İki gündür evdeyim.. Yarın işe gideceğim ama alışverişe ve işleri halletmeye.. Bir terslik olmazsa cumartesi sabaha karşı yola çıkacağız İstanbul'a.. Uzunbey ve ben, Ares ve Çağıl kalıyor.Çağıl artık büyümüş ,gelmek istemiyor bizimle.. Ares pansiyonda kalacak.. Çünkü Çağıl biz yokken arkadaşlarıyla plan yapmış..İstanbul' a buradaki yakın arkadaşımızın düğünü için gidiyoruz.O da İstanbullu ve evlendiğinde bizde yanında olmak istiyoruz. Cumartesi akşamı Fenerbahçeden kalkan bir tekne de olacağız kısmet olursa.. Boğazda gezmeye çok ihtiyacım var zaten İstanbul'u çok özledim.. Annemleri de ..
O gece ve pazar annemde kalıp pazartesi dönmek planımız. Aslında iki aile, üç şöför gidecektik ama diğer aile yan çizince Uzunbey'le ben değişerek kullanacağız artık.

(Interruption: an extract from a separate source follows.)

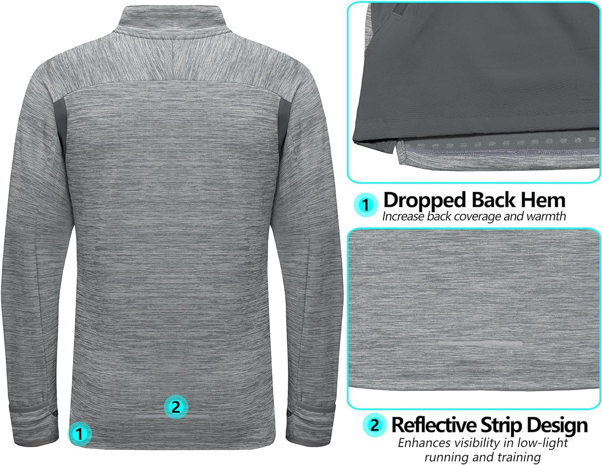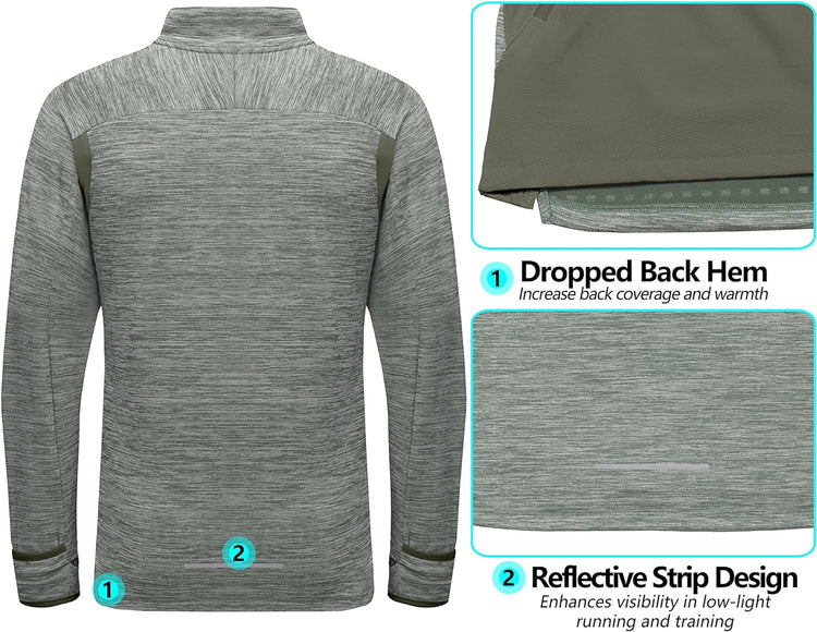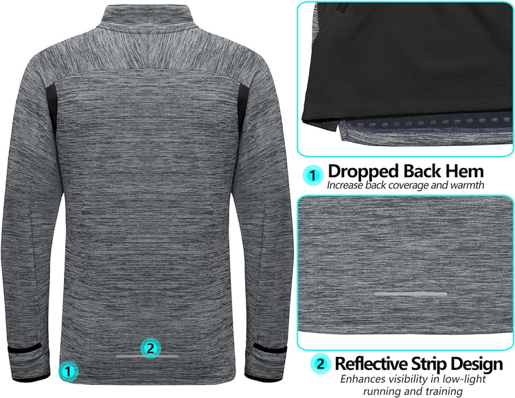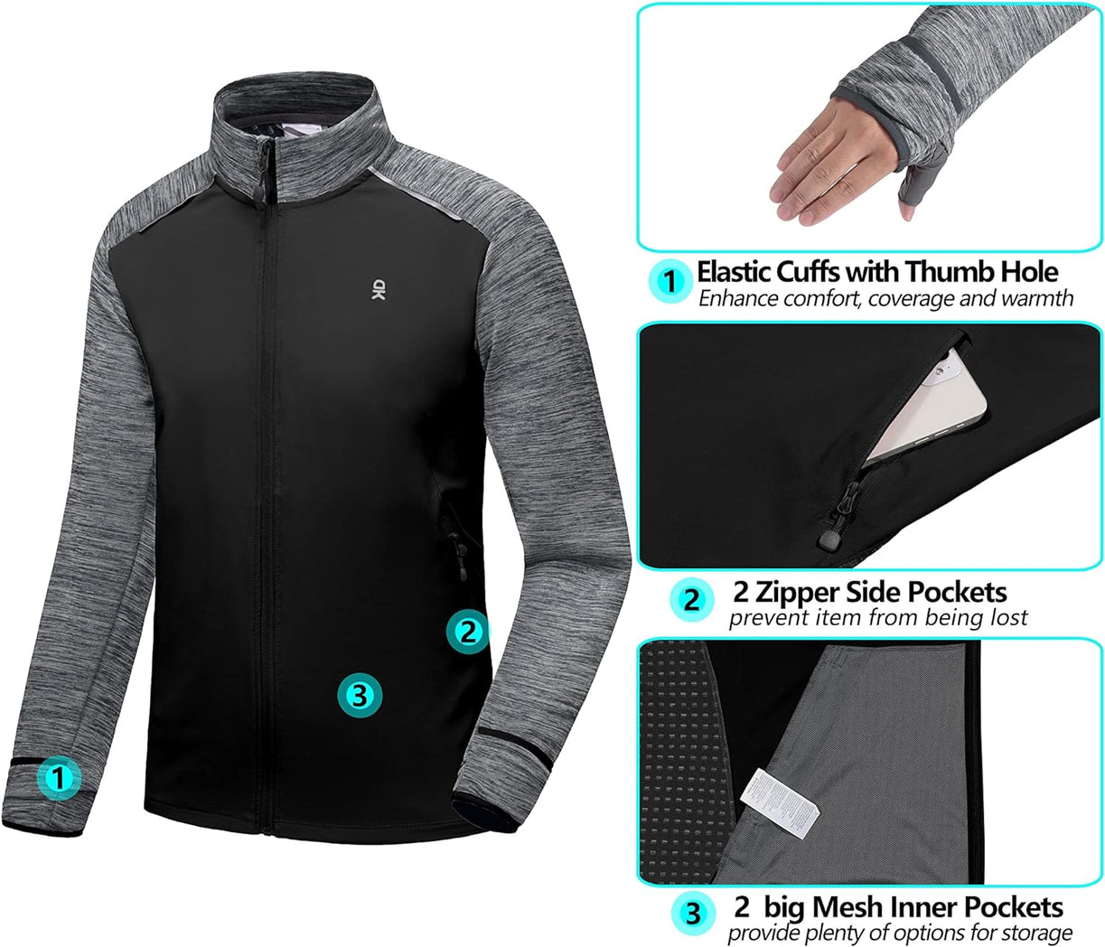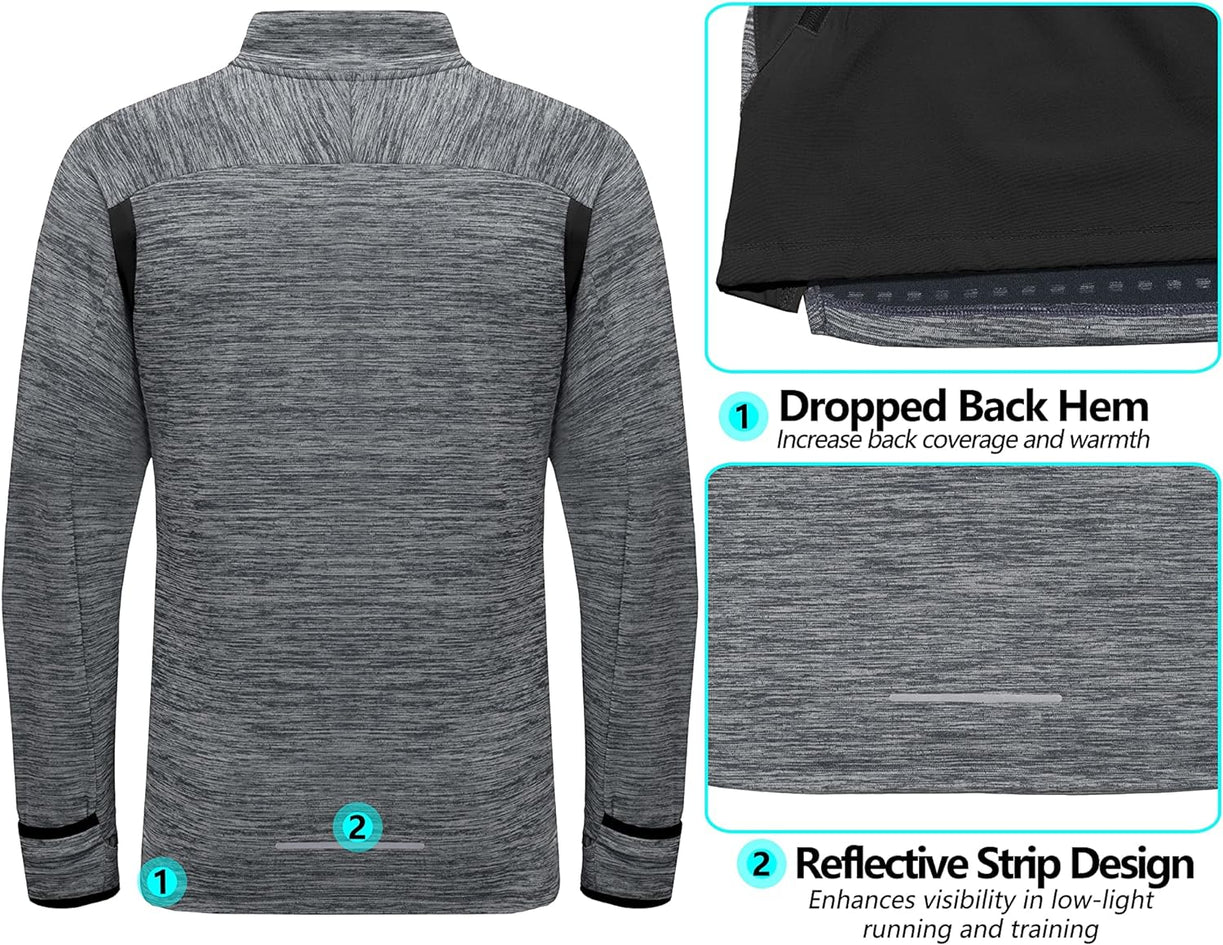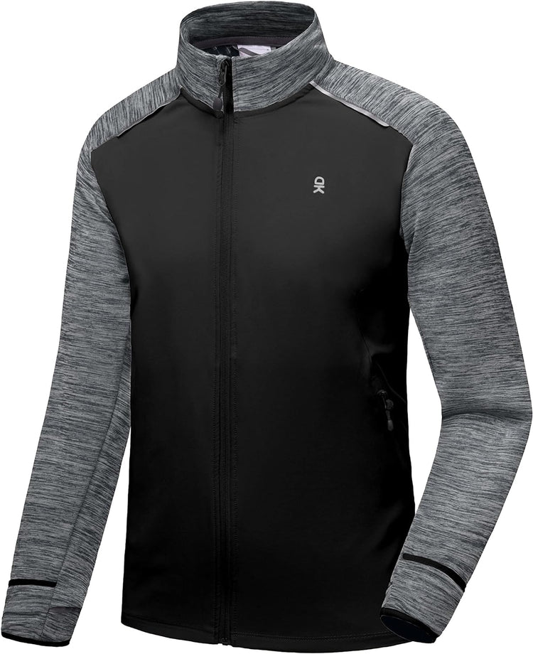 Little Donkey Andy Men's Quick Dry Warm Lightweight Running Jacket Full Zip Thermal Hybrid Thumbholes Golf Track Jacket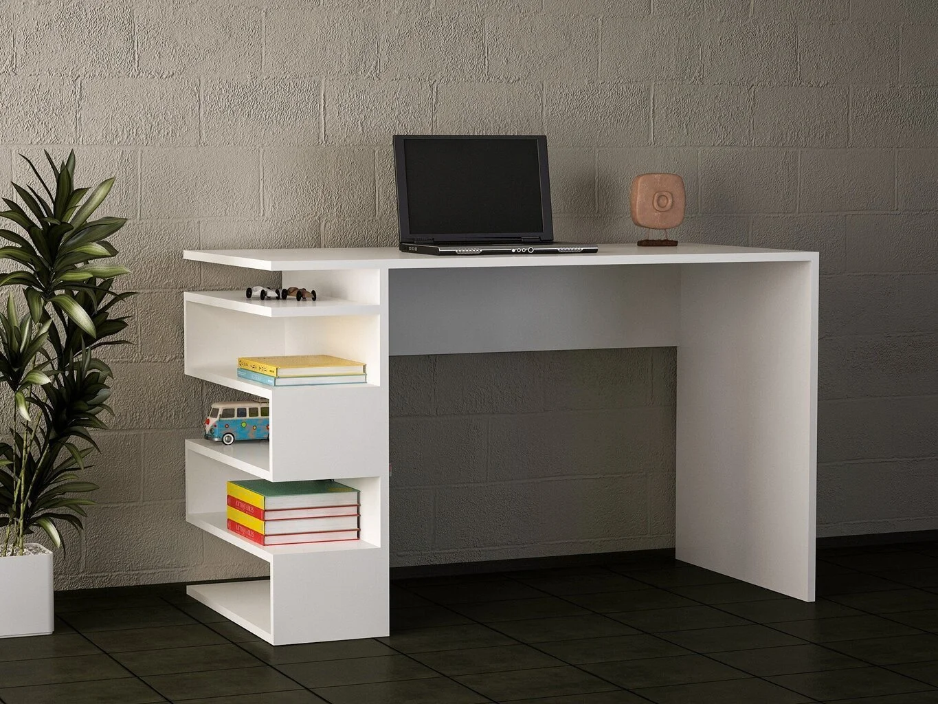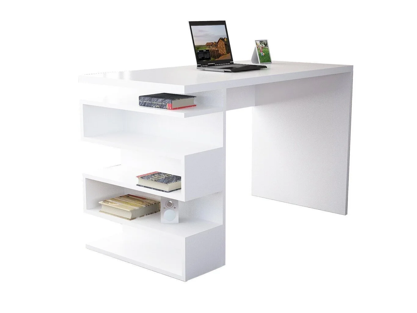 Mukava ja käytännöllinen työpöytä hyllyllä, johon mahtuu leluja ja muita tavaroita kirjojen ja paperitavaroiden lisäksi.. Modernisti muotoiltu pöytä sopii niin työ- ja lastenhuoneeseen kuin toimistoonkin..

Burcu aradı öğle tatilinde, senelerdir alışıktık istediğimiz saatte görüşmeye..Böyle zor geldi, ben arayamıyorum onu meşguldür diye.. O beni arasada ilk fırsatta dönüyordum ben ona.. Akşam da uzun uzun konuşuyorduk.. Buna da alışacağız her şey bir otursun da..

Kendimize yol şarkıları yaparız böyle zamanlarda unutmadan bunu da ekleyeyim listeme :)

Çoğunlukla işte ve bazen de google dan resim ararken kullandığım bir çeviri sitesi var..Ben genelde bu adresi kullanıyorum.. http://www.cevir.be/ Bir kaç dili birbirine çevirebiliyorsunuz..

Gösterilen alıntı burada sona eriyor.